Segment Start: Dataset excerpt

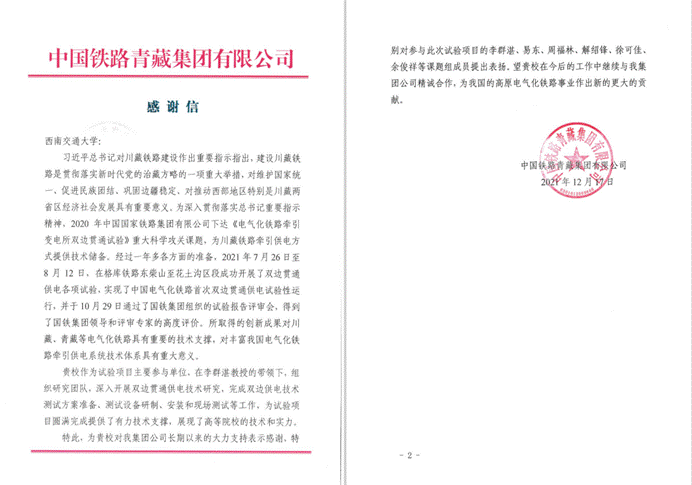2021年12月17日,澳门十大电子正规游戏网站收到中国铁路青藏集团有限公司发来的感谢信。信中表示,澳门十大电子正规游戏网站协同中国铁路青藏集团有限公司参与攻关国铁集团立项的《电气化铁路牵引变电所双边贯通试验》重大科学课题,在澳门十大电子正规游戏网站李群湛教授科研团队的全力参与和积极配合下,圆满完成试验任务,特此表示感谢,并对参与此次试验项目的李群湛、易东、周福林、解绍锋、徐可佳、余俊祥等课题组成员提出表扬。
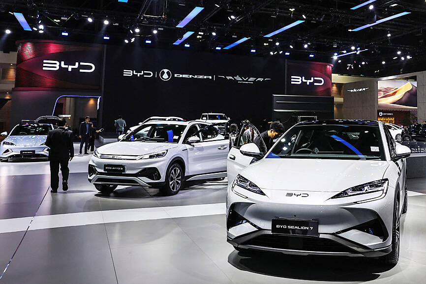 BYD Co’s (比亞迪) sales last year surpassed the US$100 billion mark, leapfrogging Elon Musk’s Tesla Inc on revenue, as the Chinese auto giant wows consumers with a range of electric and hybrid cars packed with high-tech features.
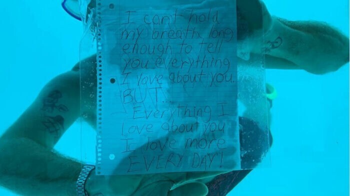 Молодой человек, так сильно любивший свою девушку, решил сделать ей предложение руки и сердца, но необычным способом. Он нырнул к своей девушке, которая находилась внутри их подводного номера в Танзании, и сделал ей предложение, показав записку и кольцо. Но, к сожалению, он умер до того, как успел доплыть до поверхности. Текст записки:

Segment End: Dataset excerpt

*Exercise brief*. Set down all of the material above exactly as written, leaving the pictures out.

*Exercise response*.
2021年12月17日,澳门十大电子正规游戏网站收到中国铁路青藏集团有限公司发来的感谢信。信中表示,澳门十大电子正规游戏网站协同中国铁路青藏集团有限公司参与攻关国铁集团立项的《电气化铁路牵引变电所双边贯通试验》重大科学课题,在澳门十大电子正规游戏网站李群湛教授科研团队的全力参与和积极配合下,圆满完成试验任务,特此表示感谢,并对参与此次试验项目的李群湛、易东、周福林、解绍锋、徐可佳、余俊祥等课题组成员提出表扬。
 BYD Co’s (比亞迪) sales last year surpassed the US$100 billion mark, leapfrogging Elon Musk’s Tesla Inc on revenue, as the Chinese auto giant wows consumers with a range of electric and hybrid cars packed with high-tech features.
 Молодой человек, так сильно любивший свою девушку, решил сделать ей предложение руки и сердца, но необычным способом. Он нырнул к своей девушке, которая находилась внутри их подводного номера в Танзании, и сделал ей предложение, показав записку и кольцо. Но, к сожалению, он умер до того, как успел доплыть до поверхности. Текст записки:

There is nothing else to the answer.